[Start of section]

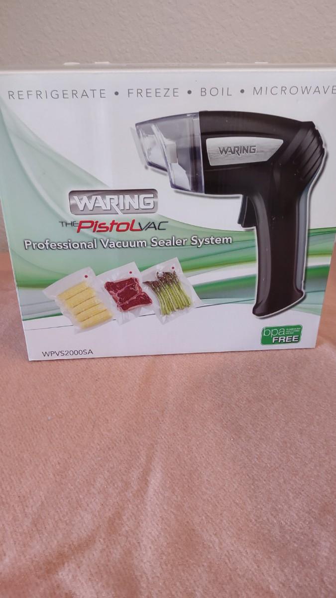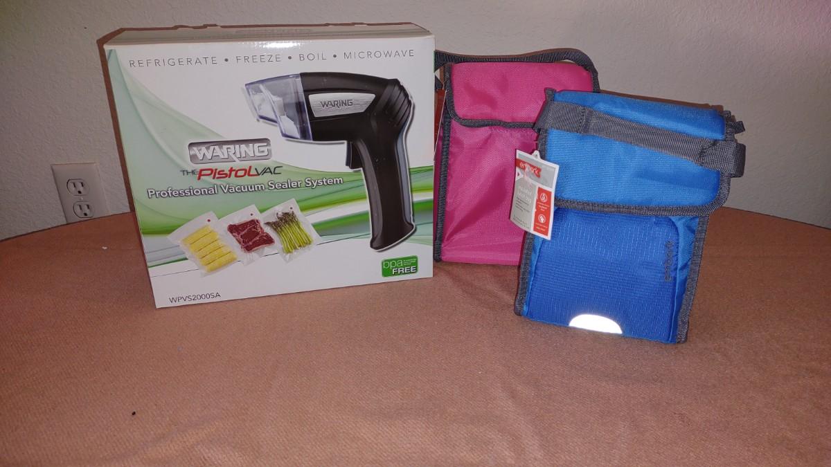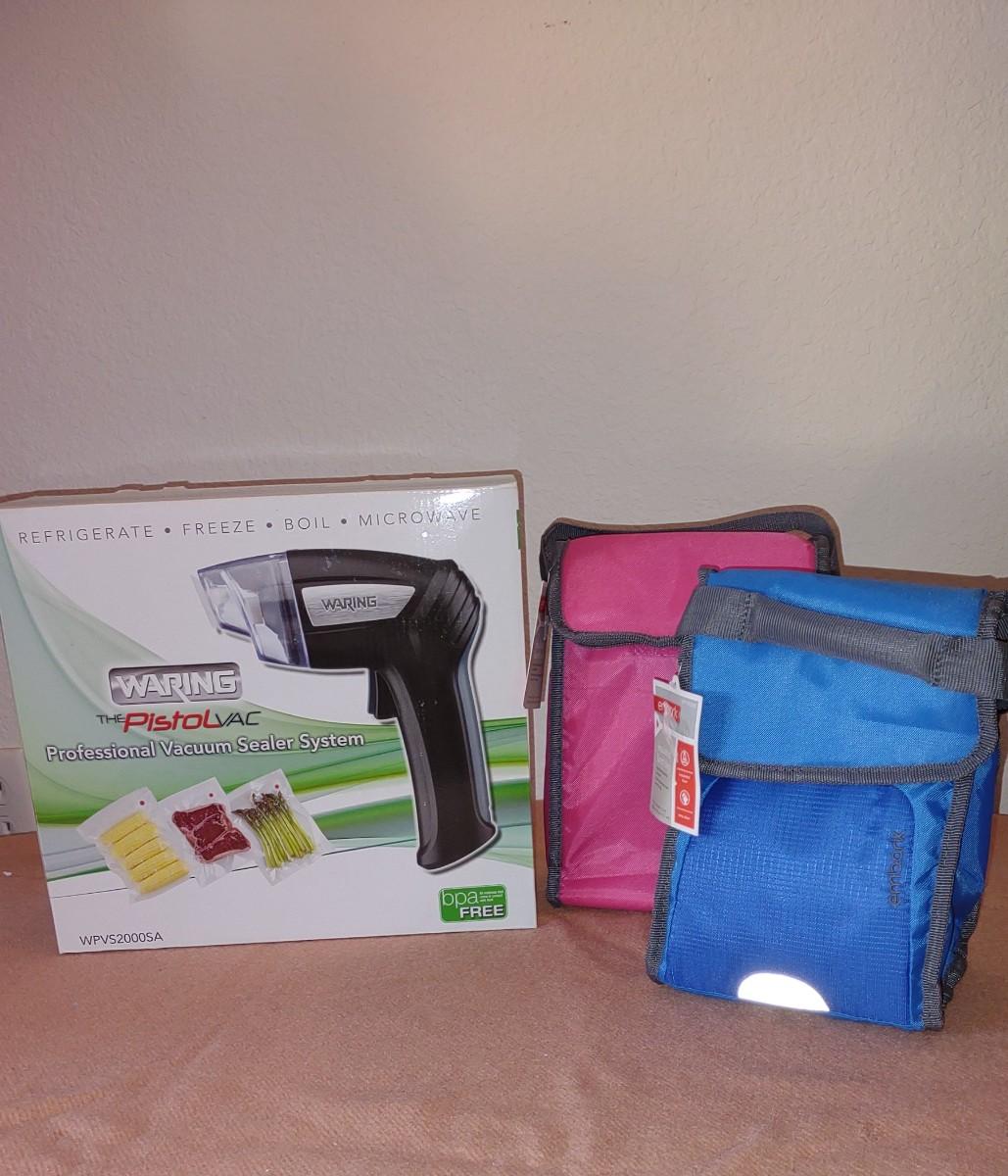 BRAND NEW WARING PISTOL VAC PROFESSIONAL SEALER SYSTEM AND TWO NEW INSULATED LUNCH BAGS.
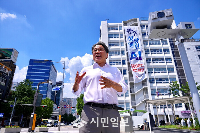 | ▲ 강기정 광주광역시장은 인공지능(AI) 2단계 사업 예타면제가 최종확정된 22일 5·18민주광장에서 AI사업 비전을 설명하고 있다. 이날 전일빌딩245에는 AI 예타면제를 축하하는 현수막이 내걸렸다. /광주광역시 제공 |
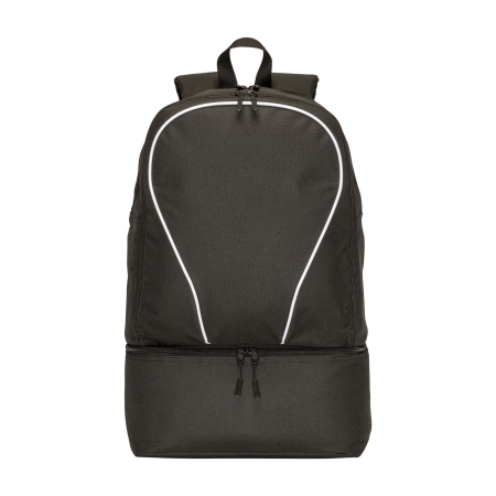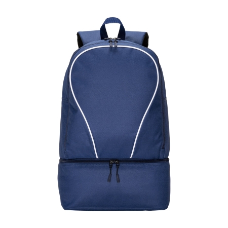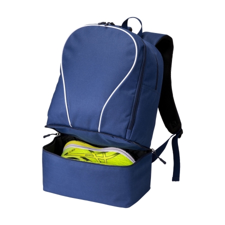 Zaino sport in poliestere 600D, ampio scomparto principale e tasca frontale accessoriata. Spallacci imbottiti regolabili e vano porta scarpe imbottito. Con tasca trasparente porta etichetta sullo schienale.
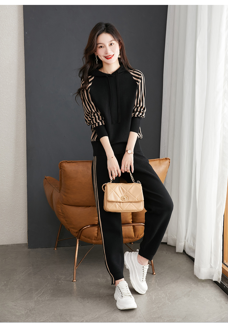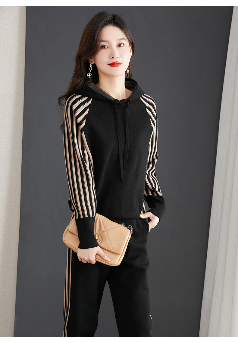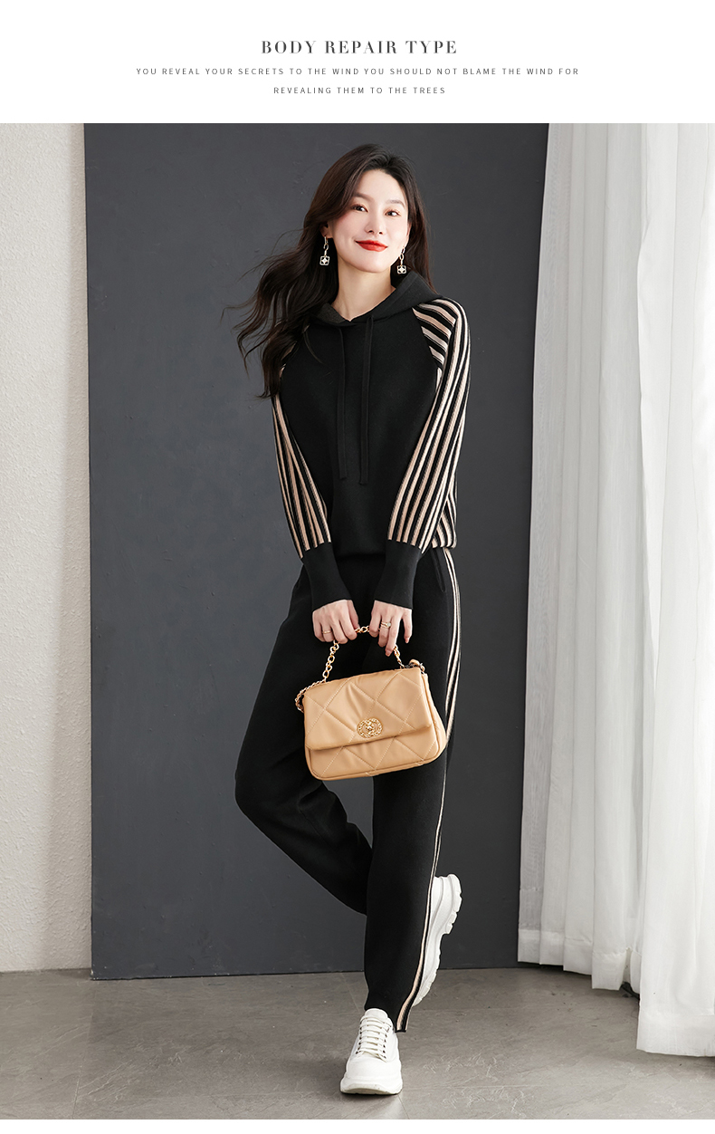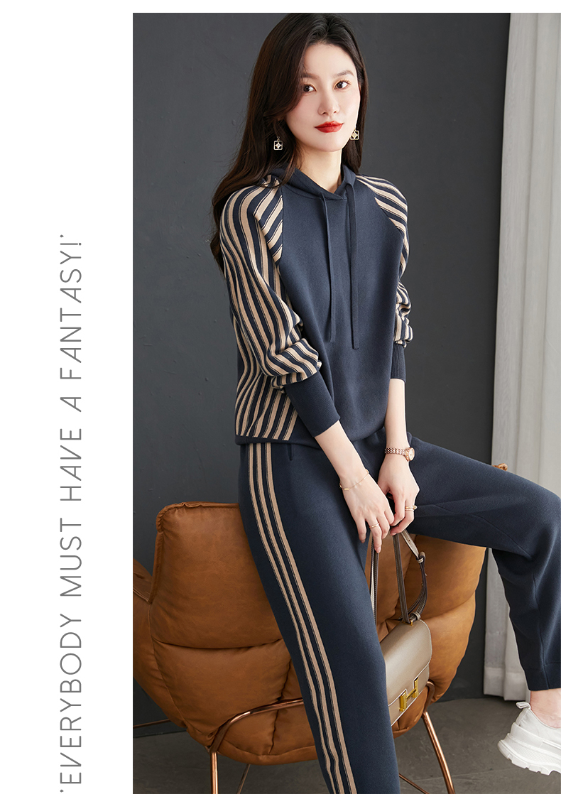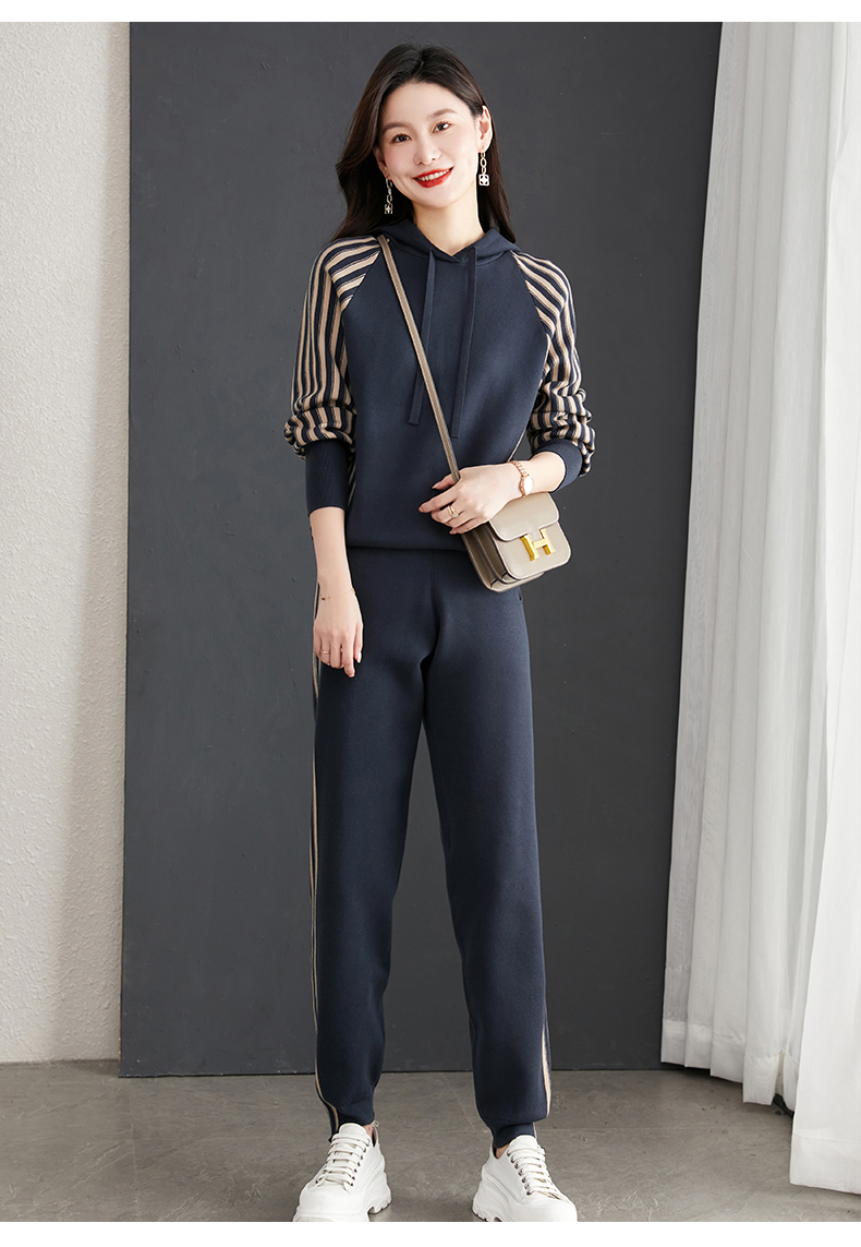 XYFS21-8187新款时尚气质休闲宽松连帽长袖针织卫衣运动裤两件套
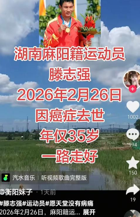 一则平平无奇致使莫得任何修饰语的讣告,频频最扎心:滕志强,34岁,广州亚运会冠军、还打过伦敦奥运会的国度队领悟员,就在2026年2月26日离世。

[End of section]

▶ [TASK TO CARRY OUT]:
Leaving out all pictures, retype exactly the lines that run from the one containing "내걸렸다. /광주광역시 제공 |" through the last line of the material.

▶ [OUTPUT BELOW]:
 | ▲ 강기정 광주광역시장은 인공지능(AI) 2단계 사업 예타면제가 최종확정된 22일 5·18민주광장에서 AI사업 비전을 설명하고 있다. 이날 전일빌딩245에는 AI 예타면제를 축하하는 현수막이 내걸렸다. /광주광역시 제공 |
 Zaino sport in poliestere 600D, ampio scomparto principale e tasca frontale accessoriata. Spallacci imbottiti regolabili e vano porta scarpe imbottito. Con tasca trasparente porta etichetta sullo schienale.
 XYFS21-8187新款时尚气质休闲宽松连帽长袖针织卫衣运动裤两件套
 一则平平无奇致使莫得任何修饰语的讣告,频频最扎心:滕志强,34岁,广州亚运会冠军、还打过伦敦奥运会的国度队领悟员,就在2026年2月26日离世。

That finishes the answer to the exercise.